What to produce —
Each record that follows should be repeated exactly, with no pictures carried over.

Dataset entries —
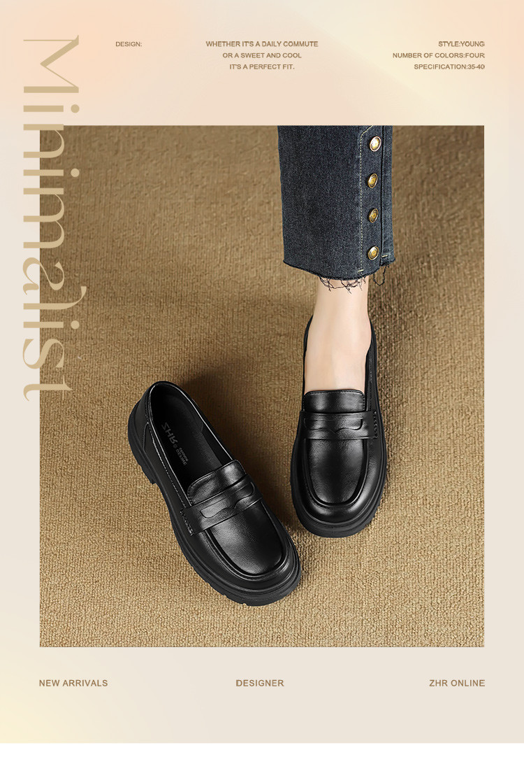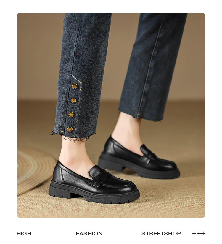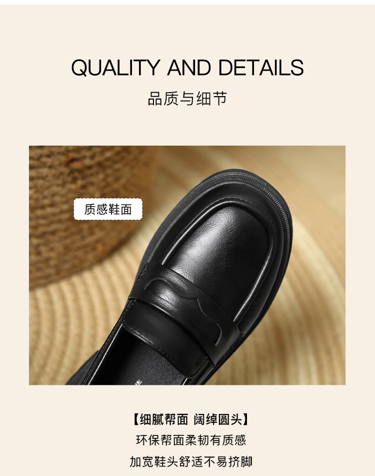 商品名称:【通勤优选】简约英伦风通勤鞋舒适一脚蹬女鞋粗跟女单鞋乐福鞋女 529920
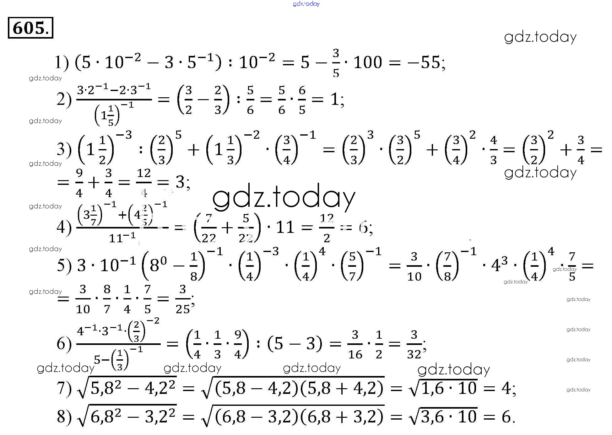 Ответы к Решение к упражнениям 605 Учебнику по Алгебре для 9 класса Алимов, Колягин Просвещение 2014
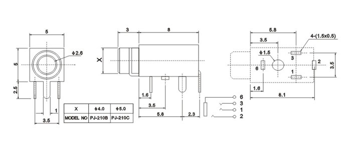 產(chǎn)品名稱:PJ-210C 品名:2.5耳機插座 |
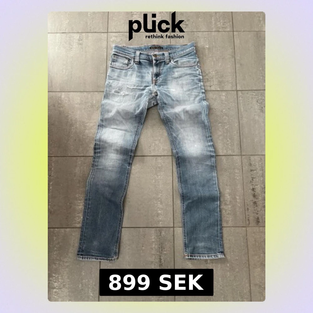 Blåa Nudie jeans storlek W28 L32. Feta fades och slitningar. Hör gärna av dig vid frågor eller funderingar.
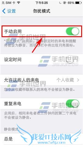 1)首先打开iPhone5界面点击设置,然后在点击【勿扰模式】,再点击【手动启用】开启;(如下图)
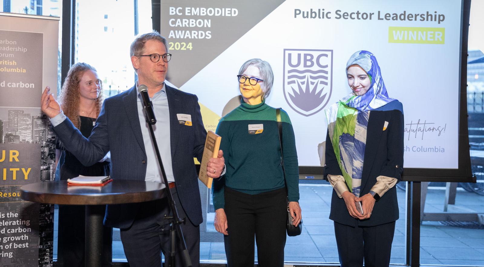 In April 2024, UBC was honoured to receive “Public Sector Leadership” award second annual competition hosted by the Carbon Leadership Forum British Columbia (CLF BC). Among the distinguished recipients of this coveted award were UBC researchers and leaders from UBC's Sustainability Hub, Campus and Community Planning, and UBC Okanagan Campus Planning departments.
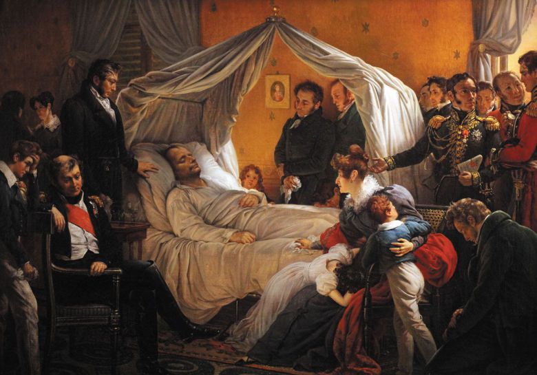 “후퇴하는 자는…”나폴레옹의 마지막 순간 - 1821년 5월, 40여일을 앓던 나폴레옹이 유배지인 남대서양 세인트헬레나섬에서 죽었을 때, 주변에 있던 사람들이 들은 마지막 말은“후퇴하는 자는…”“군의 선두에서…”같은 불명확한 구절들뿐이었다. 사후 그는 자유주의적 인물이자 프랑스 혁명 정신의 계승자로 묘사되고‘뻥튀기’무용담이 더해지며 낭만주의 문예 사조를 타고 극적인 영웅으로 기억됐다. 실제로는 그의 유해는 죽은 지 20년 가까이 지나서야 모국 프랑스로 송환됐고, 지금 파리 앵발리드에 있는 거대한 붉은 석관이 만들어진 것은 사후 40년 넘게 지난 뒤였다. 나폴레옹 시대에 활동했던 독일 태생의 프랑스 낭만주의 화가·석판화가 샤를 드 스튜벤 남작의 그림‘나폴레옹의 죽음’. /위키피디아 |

Response area —
 商品名称:【通勤优选】简约英伦风通勤鞋舒适一脚蹬女鞋粗跟女单鞋乐福鞋女 529920
 Ответы к Решение к упражнениям 605 Учебнику по Алгебре для 9 класса Алимов, Колягин Просвещение 2014
 產(chǎn)品名稱:PJ-210C 品名:2.5耳機插座 |
 Blåa Nudie jeans storlek W28 L32. Feta fades och slitningar. Hör gärna av dig vid frågor eller funderingar.
 1)首先打开iPhone5界面点击设置,然后在点击【勿扰模式】,再点击【手动启用】开启;(如下图)
 In April 2024, UBC was honoured to receive “Public Sector Leadership” award second annual competition hosted by the Carbon Leadership Forum British Columbia (CLF BC). Among the distinguished recipients of this coveted award were UBC researchers and leaders from UBC's Sustainability Hub, Campus and Community Planning, and UBC Okanagan Campus Planning departments.
 “후퇴하는 자는…”나폴레옹의 마지막 순간 - 1821년 5월, 40여일을 앓던 나폴레옹이 유배지인 남대서양 세인트헬레나섬에서 죽었을 때, 주변에 있던 사람들이 들은 마지막 말은“후퇴하는 자는…”“군의 선두에서…”같은 불명확한 구절들뿐이었다. 사후 그는 자유주의적 인물이자 프랑스 혁명 정신의 계승자로 묘사되고‘뻥튀기’무용담이 더해지며 낭만주의 문예 사조를 타고 극적인 영웅으로 기억됐다. 실제로는 그의 유해는 죽은 지 20년 가까이 지나서야 모국 프랑스로 송환됐고, 지금 파리 앵발리드에 있는 거대한 붉은 석관이 만들어진 것은 사후 40년 넘게 지난 뒤였다. 나폴레옹 시대에 활동했던 독일 태생의 프랑스 낭만주의 화가·석판화가 샤를 드 스튜벤 남작의 그림‘나폴레옹의 죽음’. /위키피디아 |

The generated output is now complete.